Three days later. They've been going over the diet, and it seems like it blocks off everything he loves to eat. Duh, dude. HTF do you think you got to that weight. Uh oh, they've decided on a plan to "ease into" the diet from Dr Gnome, because he thinks it will be too restrictive and will cause him to fail. At the grocery, he, of course, is "too tired" to walk the aisles in the store. Yasmin is in the store facetiming with him, and he tells her to get chicken and ham and turkey and veg and some of the chips he likes as a snack. Looks like Reese's cereal all blurred out as his "second treat". He calls her in the store, says his legs are starting to hurt. Well, get your ass out of the car, dumbass. And she's a dumbass, too. Refuse to get the "snacks". He wants them, he hauls his ass into the store to get them. Yasmin gets in the car and starts crying because she bought his shit for him. She's realizing she's a big part of the problem.
Ad break.
We're back! Fifteen minutes left in the first hour. Month two. Wow, Travis gets out of his chair and does some exercises. Good for you dude, although you're probably going to do something stupid to make me regret that......and yep. Been snacking. Now claims they've been getting rid of the snacks. He says "I'm hongry. What's for dinner?" Whatever you get off your ass and make, is what I would say. Mom says it's time for these two to move out, so they're looking for a place to live.

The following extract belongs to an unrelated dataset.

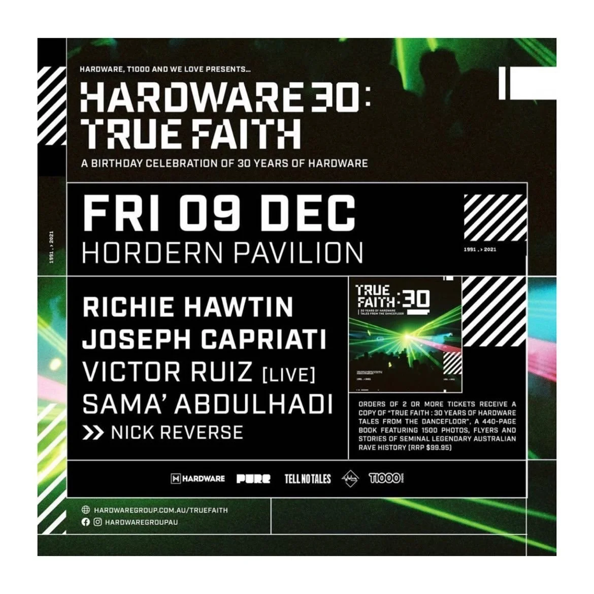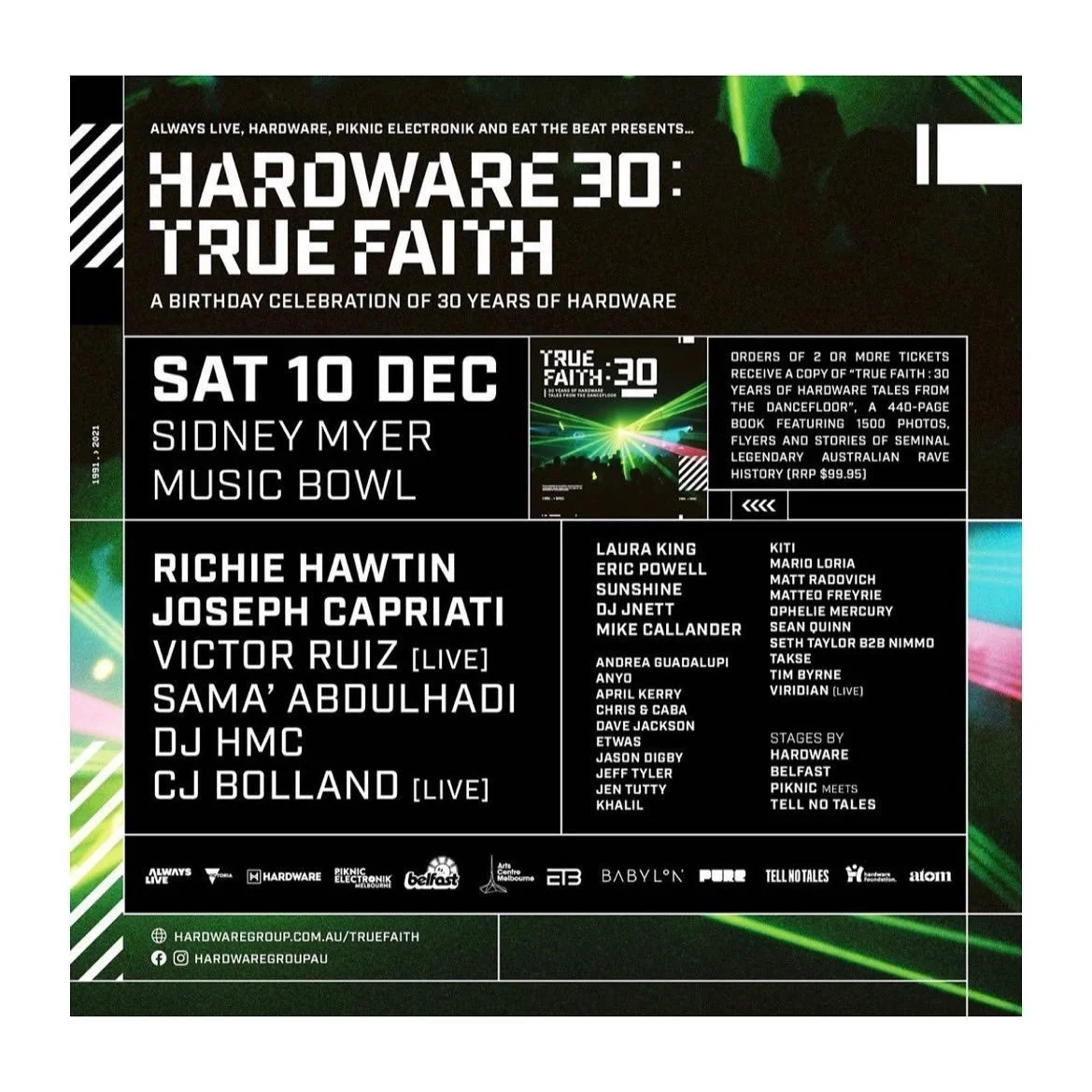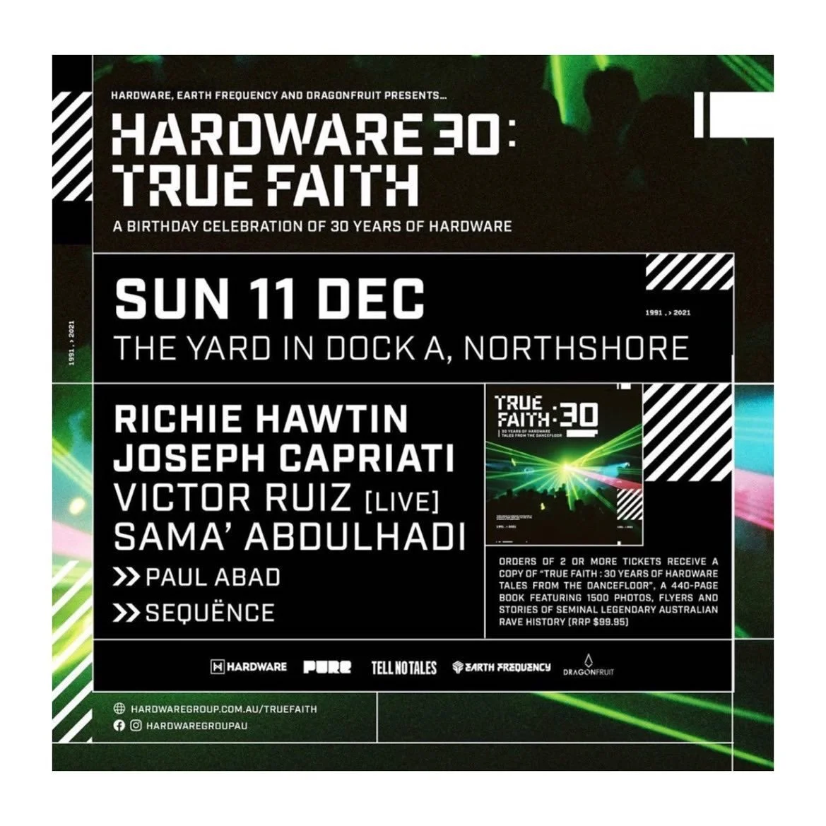The book is big. It's a 25 X 25 big square thing and people are gonna love it. I'm really excited to get that into people's hands. From December and through to January, we’ll continue the celebrations of the birthday right through the year. It’s important to me, that by the end of next year you’ll have all the flyers up or at least a whole lot of photos. There’ll be all the times of the events, you’ll know event by event, which city and who performed, and all that sort of history, reviews and information tied to the True Faith website that sits under Hardware Group. So finally, all of our history at least, will be back up there (because it's only on Wikipedia at the moment and like I said, all the history is missing).

Month three. Back in Houston to see Dr Gnome. Wow, Travis drove, even held the door open for Yasmin. He's walking a lot better, so there's that. But he is still huge. I will guess: 600 pounds. Weighin time. 593 pounds. This is why you don't "snack", dumbass. Twenty-four pounds total for two months, not even close. Travis admits he's been "skipping up" on the diet. Dr Gnome tells him he isn't making a real effort to lose weight. Stick to the diet, lose the weight I tell you to lose, or forget about WLS. Do the diet, stop fucking around, says Dr Gnome. Same goal: 70 pounds in two months.
Hallway chat with Dr Gnome. Travis doesn't understand how serious things are for him and needs to change, ASAP.
Travis says he is going to go back and try harder. He thought he was (really, by snacking on a diet?), but is going to really do it now, for realsies.
Ad break. Almost to the second hour.